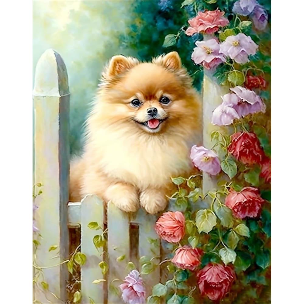 Dog Diamond Art Set, 5D Flower Diamond Embroidery DIY Round Full Diamond Gemstone Crafts for Home Wall Decoration
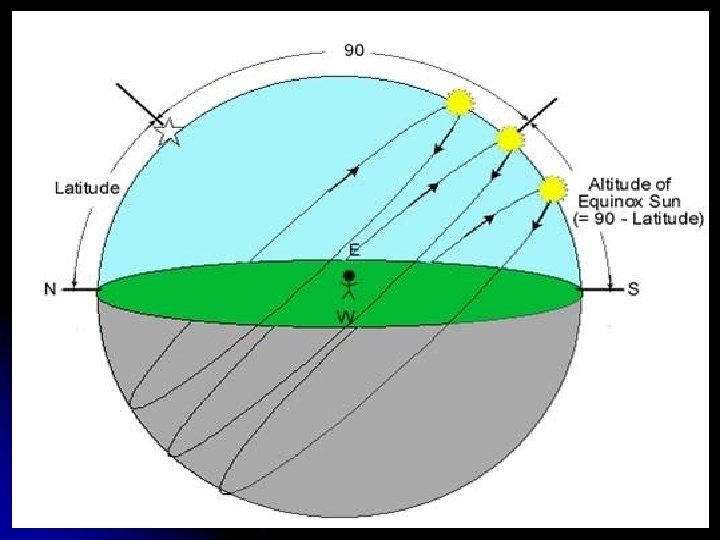 Earth Seasons The Sun’s path continues northward until the summer solstice on June 21 st. l On this day the Sun rises north of east and sets North of west creating a large path across the day time sky. l This results in about 15 hours of daylight with the Sun at a large maximum angle of 71. 5 o. l
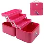 HomeBeautyMakeup KitsMakeup KitsPU 3 Layer Large Makeup Box Cosmetic Storage Bag Vanity Case Trousseau Box Beauty Organizer, Dark Pink, 24x20x23.5 cm, Travel Accessories
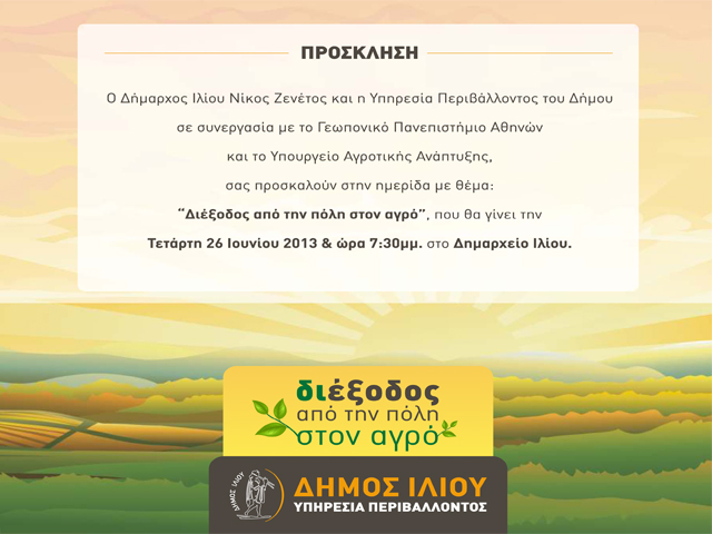 Δυτική ΑθήναΗμερίδα με θέμα: «διέξοδος από την πόλη στον αγρό» στο Ίλιον by Peristeri News18, Ιούνιος, 201315, Απρίλιος, 2021 Share0 Την Τετάρτη 26 Ιουνίου στις 19.30 στο Δημαρχείο Ιλίου. Κάντε εγγραφή στο κανάλι του PeristeriNews.gr στο Viber ή επικοινωνήστε άμεσα μαζί μας εδώ
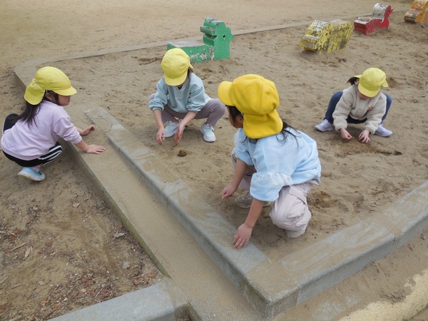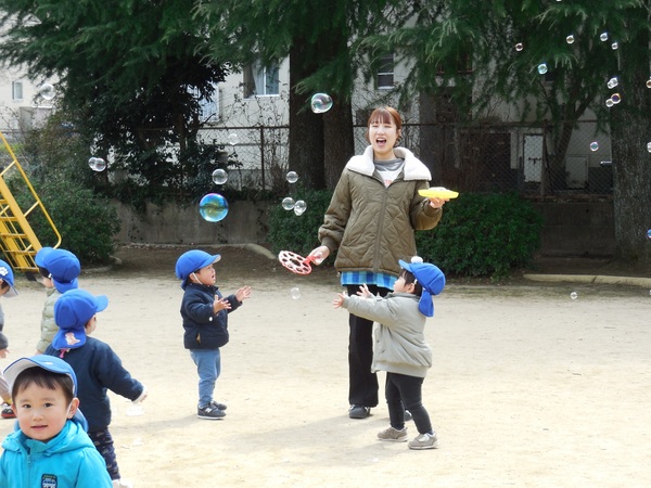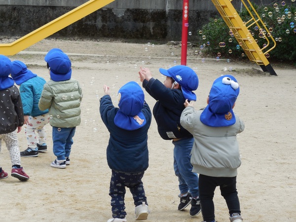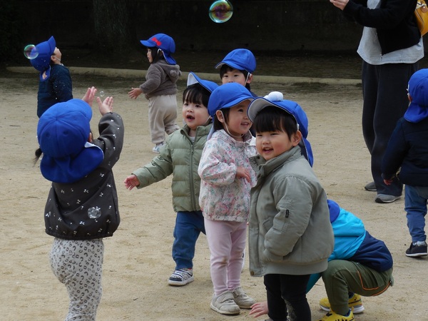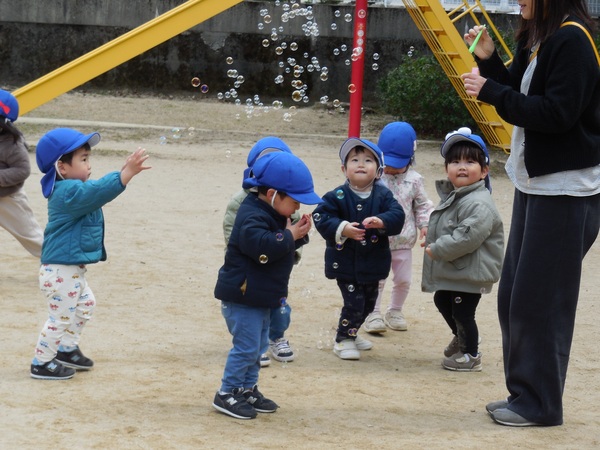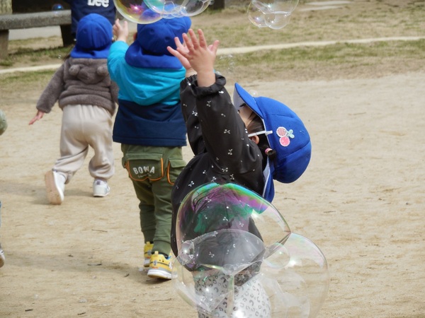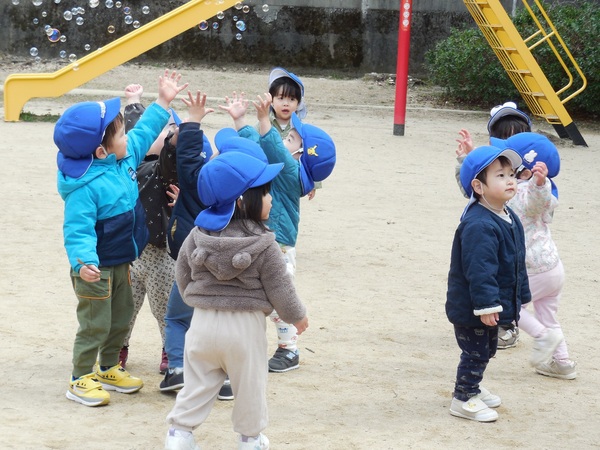 シャボン玉遊び 今日も穏やかな日。うさぎ組さんは公園でシャボン玉あそび。「わあ、きれい。大きいよ。」と大喜びでシャボン玉を追いかけたり、触ってみようと手を伸ばしたり、笑顔いっぱいの子どもたちでした。 2026/03/18

+===+

**Exercise goal**
Give back, exactly and with nothing added, the lines from the line with "Δυτική ΑθήναΗμερίδα με" through the final line of the data, both included; leave pictures out.

**Expected output**
 Δυτική ΑθήναΗμερίδα με θέμα: «διέξοδος από την πόλη στον αγρό» στο Ίλιον by Peristeri News18, Ιούνιος, 201315, Απρίλιος, 2021 Share0 Την Τετάρτη 26 Ιουνίου στις 19.30 στο Δημαρχείο Ιλίου. Κάντε εγγραφή στο κανάλι του PeristeriNews.gr στο Viber ή επικοινωνήστε άμεσα μαζί μας εδώ
 シャボン玉遊び 今日も穏やかな日。うさぎ組さんは公園でシャボン玉あそび。「わあ、きれい。大きいよ。」と大喜びでシャボン玉を追いかけたり、触ってみようと手を伸ばしたり、笑顔いっぱいの子どもたちでした。 2026/03/18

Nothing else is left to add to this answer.